In fact, no sale has taken place, though it is imminent, and the amount in question is not yet known, though eventual proceeds for the 111 remaining members will be less dramatic.
This story, portrayed so far as being about acquisitive members putting profit before play, has been distorted, and it is time the truth was told.
The demise of Oatlands is a sad tale for those who knew and experienced club cricket in the South as it was before the leagues. The lesson to be drawn is a salutory one for similar clubs throughout the land.
Oatlands Park Cricket Club no longer exist for the purposes of playing matches.
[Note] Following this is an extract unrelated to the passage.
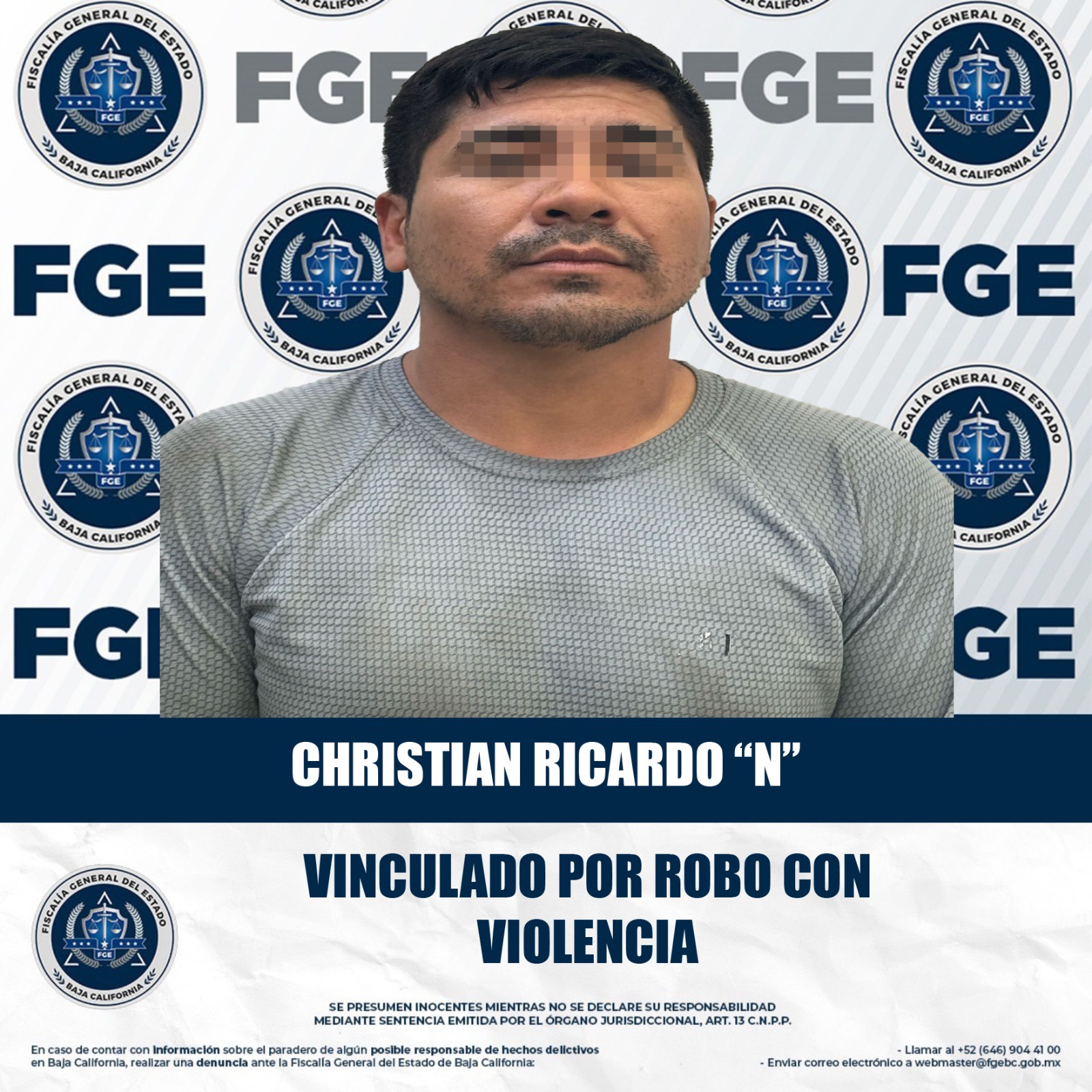 MEXICALI, BAJA CALIFORNIA. - La Fiscalía Regional de Mexicali, en el marco de su labor de combate al delito de robo en todas sus modalidades, obtuvo la vinculación a proceso de un joven implicado en el robo con violencia a una cooperativa escolar.

They were dissolved before last season, the victims of changing social trends. That was bad news in itself. I played there a few times in the Sixties and recall not just the prettiness of a ground surrounded by trees but the quality of the cricketers, who played there in exactly the right spirit - competitive, but chivalrous too.
Oatlands had been in decline for at least 20 years. Especially in the Sixties and Seventies - they won the old Surrey Cricketers League in 1972 - the club's strength was based on a continuing supply of good public school cricketers, a close link with Oxford University and contacts in New Zealand and Australia.
They ran a flourishing junior section which nurtured two county cricketers, Tim O'Gorman, of Derbyshire, and Will Kendall, of Hampshire. Several other members went on to play for their universities.
The arrival of league cricket in Surrey in the early Sixties was part of the drive for a more competitive club game in the South, inspired by Raman Subba Row among others.
Eventually this had a devastating effect on a club catering mainly for the highly mobile, well educated, relatively well-heeled young men who were needed to compete in Saturday afternoon league cricket, especially as many of them were also members of wandering teams who took their cricket rather less seriously than Oatlands were now obliged to do.
No longer would young members commit themselves to two games a weekend. Girl-friends or young wives would generally not permit it, and Sunday cricket, as in so many clubs, rapidly became weaker and harder to sustain.
A full Sunday fixture list for two teams became a shorter one for only one team and when the 1997 season started only one Sunday fixture remained. It was never played.
Other problems eventually became, in the committee's view, insurmountable. Members were reluctant to help with the management of the club and the ground. The junior section became defunct eight years ago.
New members were reluctant to pay the necessary subscription to fund the upkeep of a ground of the right quality. When the Surrey Championship was restructured, Oatlands, at one time in the top flight, rapidly dropped to the third division. Ambitious players looked elsewhere and it became difficult to raise a side at all.
Meanwhile, the square, never fully recovering from the drought of 1976, was deteriorating and in need of major overhaul. This deterred good players too. Ten years ago the committee decided that something drastic was needed. After a year's preparation the committee, led by Peter Silcock, Gary Lloyd and Peter Johnson, three long-serving members, proposed to the membership that the club should amalgamate with the Hawks hockey club and move to a much larger area which was available nearby.
The plan was to start afresh with two cricket squares, two all-weather hockey pitches and a brand new pavilion. All this was possible if the Oatlands Park ground was sold, and even these grandiose plans would have left over £1 million in the bank. But those living nearby the original ground were not keen, naturally enough perhaps, to see it sold for building. The committee's proposal was defeated by three votes.
``From that moment on the club was doomed,'' said Lloyd, a 53-year-old accountant who, like Johnson and Silcock, has held every voluntary post in the club during almost a lifetime's service to the game.
The ground will be sold, any day now, probably to Cala Homes South. Lloyd says that the £6 million, which has been quoted in the press recently, is ``a wild exaggeration''. The price depends entirely on planning permission for 21 homes.
Although a group of some 30 local householders has been trying to block plans for development for two years, others with houses on the edge of the five-acre field are in favour of what Lloyd calls ``a really sympathetic, high-quality development''.
He denied suggestions that any of the remaining members will get as much as £50,000 - they will benefit according to the length of time of membership - but he added: ``It is our property and we are obliged to get a reasonable deal.''
As final proof that all that has happened is viewed by old players less as a bonanza than a tragedy, several of the members are planning a charitable fund from sale proceeds to benefit junior cricket in Surrey and nationally.
Good may yet come, therefore, from the closure of a club first founded in 1867, but the harsher climate of club cricket now being encouraged in accordance with the ECB blueprint for premier leagues up and down the county spells danger for clubs like Oatlands.
Similar clubs, who prefer social to competitive cricket, may be squeezed out of existence.